MEDAN, (MIMBAR) - Polemik dugaan wanprestasi menyeret nama Kepala Desa Celawan, Kecamatan Pantai Cermin, Kabupaten Serdang Bedagai (Sergai). Tuhadi. Kades dituding tidak menepati janji pengembalian dana sebesar Rp100 juta yang sebelumnya ia terima dari pihak mitra kerja sama penggarapan sawah pribadinya.


Berdasarkan rekaman percakapan antara Rinaldi dengan Kades Tuhadi, selain membicarakan soal pelunasan utang, juga disinggung persoalan dana desa yang menimbulkan spekulasi adanya kaitan dengan keuangan desa.


Tuhadi mengakui telah memerintahkan Bendahara Desa Celawan, Dara, untuk melunasi sisa utangnya. Ia berdalih, pembayaran tersebut nantinya akan diganti dari dana desa setelah pencairan. Namun, dalam rekaman itu pula, Tuhadi melontarkan kekecewaan terhadap Dara yang tak kunjung menyalurkan uang sebagaimana diperintahkan.


Rinaldi yang memberikan dana menilai sikap Kades tidak konsisten. “Awalnya beliau janji sebulan, lalu minta tempo lagi. Setelah itu hanya dibayar Rp.50 juta. Sisanya dicicil lama, sering mengulur waktu. Terakhir tinggal Rp.4 juta lagi,” ujarnya kepada wartawan di Medan, Jumat malam (3/10/2025). 


Menurut Rinaldi selaku pemberi pinjaman, Tuhadi menawarkan penggarapan sawah seluas 15 rantai kepada pihak tertentu dengan perjanjian dana sebesar Rp100 juta.
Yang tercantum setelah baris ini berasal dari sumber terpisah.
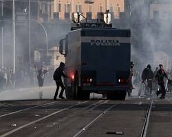 Italian police said that at least four people had been injured in the clashes on Saturday, while the ANSA news agency reported that as many as 70 had been wounded, with three in serious condition.
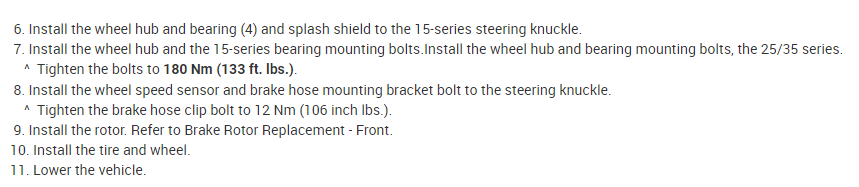Without all info had to guess so here is 10.5 Suspect installation may have damaged bearing also 115 ft. lbs. torque on hub.

Dana itu, berdasarkan keterangan Tuhadi, akan digunakan Kades untuk membeli bibit ikan. Kesepakatannya, setelah sawah digarap selama satu tahun, uang tersebut akan dikembalikan kepada pemberi dana.


Akan tetapi setelah satu tahun berjalan, penggarapan sawah dihentikan karena hasilnya dinilai tidak memuaskan. Tuhadi kemudian berjanji mengembalikan uang dalam waktu satu bulan, namun janjinya tak kunjung ditepati. Setelah beberapa kali meminta tempo, Kades hanya mengembalikan Rp.50 juta. Sisanya dicicil berangsur, hingga kini masih tersisa Rp4 juta yang belum dilunasi.


Lebih lanjut, dia menyebut, sisa uang sempat diserahkan Tuhadi kepada sekretaris desa untuk dibayarkan, namun hingga kini tak kunjung diterima. 


“Sekretarisnya terkesan menutupi dan selalu beralasan. Seminggu kemudian hanya diberikan Rp.1 juta. Masih tersisa Rp.4 juta lagi yang belum dibayarkan,” ungkapnya.


“Kepercayaan saya ke dia sudah mulai habis. Borok dia semua saya sudah tahu. Pernah saya tes untuk antarkan uang, tidak juga dilakukan. Kan kurang ajar,” dalih Tuhadi dalam rekaman percakapan dengan orang yang memberi pinjaman lewat seluler, belum lama ini. 


Tuhadi juga mengaku siap menyelesaikan persoalan ini secara kekeluargaan. Ia bahkan menyarankan agar pihak pemberi pinjaman menemui keluarganya untuk membicarakan penyelesaian.


“Soal laporan ke polisi, itu hak bapak. Kalau saya, tidak ada perkara yang tidak selesai. Kita selesaikan saja secara kekeluargaan,” ujarnya.


Rinaldi mengaku kecewa karena persoalan ini tak hanya menimbulkan kerugian finansial, tapi juga merugikan keluarganya. 


“Kami dibuat malu. Orang tua kami batal berangkat umrah karena uang tak kunjung kembali. Kami sudah banyak kehilangan waktu dan biaya,” pungkasnya.


Sementara itu, hingga berita ini diturunkan, Bendahara Desa Celawan, Dara, yang disebut-sebut mengetahui aliran dana tersebut, belum memberikan tanggapan meski sudah coba dikonfirmasi wartawan.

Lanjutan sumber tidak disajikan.